• [EXERCISE AIM]:
Drop every picture, then transcribe the remaining data exactly.

• [SOURCE MATERIAL]:
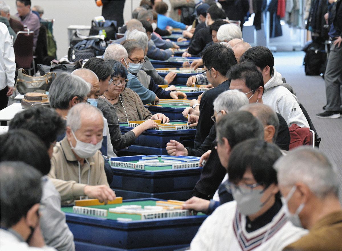 高齢者の健康増進を目的に広がる健康マージャンの腕自慢がそろう「健康麻将(マージャン)全国大会」(明治安田生命保険相互会社協賛、厚生労働省後援)が22日、東京都の品川区立総合区民会館「きゅりあん」であり、164人が参加した。
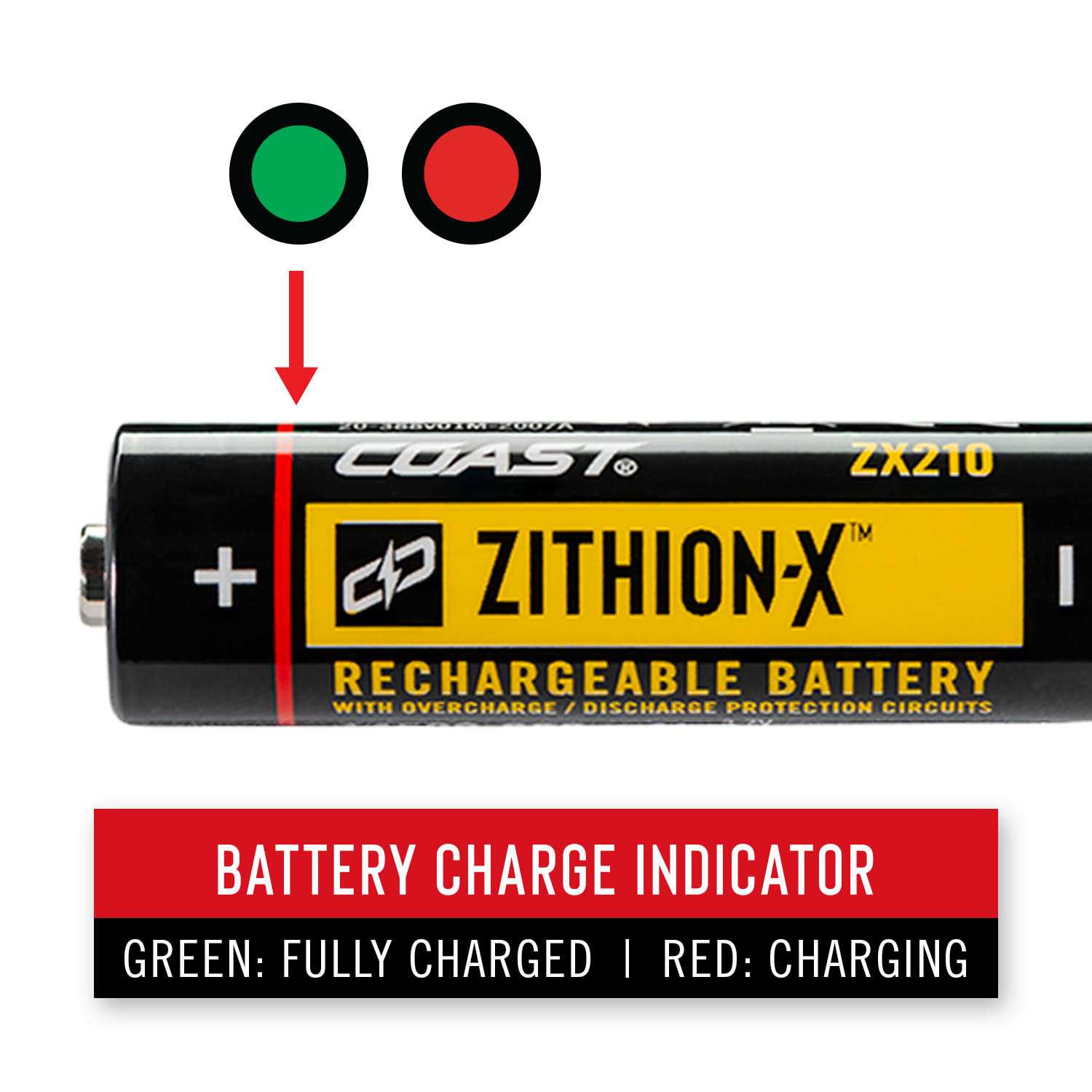 Power up and keep at it. Compatible with COAST HX5 and HP1 flashlights, the ZX210 ZITHION-X rechargeable lithium ion battery features a built-in Micro USB port for easy charging outside the light. A battery charge indicator flashes red during charge-up and shines solid green when fully charged, and the overcharge/discharge protection circuits make powering up as simple and safe as possible.
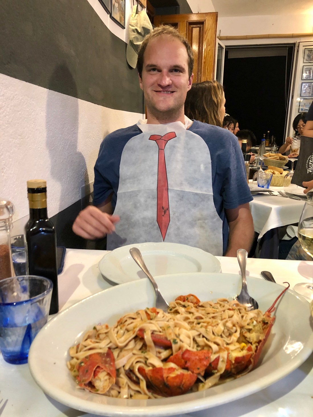 Ok almost to the end. Our second to last stop was Cinque Terre, a series of 5 cities on the sea. We stayed in the city that is the second farthest south – Manarola. We arrived to learn the following day had an orange alert due to the rain (ie flooding risk) which basically meant the whole city would essentially be shut down the following day. So our first stop was actually the grocery store for breakfast supplies, snacks and of course more wine. With that settled we were off to dinner at a place at the top of the hill called Billy’s (appropriate). We had some pretty lovely (and large) lobster pasta then retired home to enter into a food coma.

• [REPLY]:
 高齢者の健康増進を目的に広がる健康マージャンの腕自慢がそろう「健康麻将(マージャン)全国大会」(明治安田生命保険相互会社協賛、厚生労働省後援)が22日、東京都の品川区立総合区民会館「きゅりあん」であり、164人が参加した。
 Power up and keep at it. Compatible with COAST HX5 and HP1 flashlights, the ZX210 ZITHION-X rechargeable lithium ion battery features a built-in Micro USB port for easy charging outside the light. A battery charge indicator flashes red during charge-up and shines solid green when fully charged, and the overcharge/discharge protection circuits make powering up as simple and safe as possible.
 Ok almost to the end. Our second to last stop was Cinque Terre, a series of 5 cities on the sea. We stayed in the city that is the second farthest south – Manarola. We arrived to learn the following day had an orange alert due to the rain (ie flooding risk) which basically meant the whole city would essentially be shut down the following day. So our first stop was actually the grocery store for breakfast supplies, snacks and of course more wine. With that settled we were off to dinner at a place at the top of the hill called Billy’s (appropriate). We had some pretty lovely (and large) lobster pasta then retired home to enter into a food coma.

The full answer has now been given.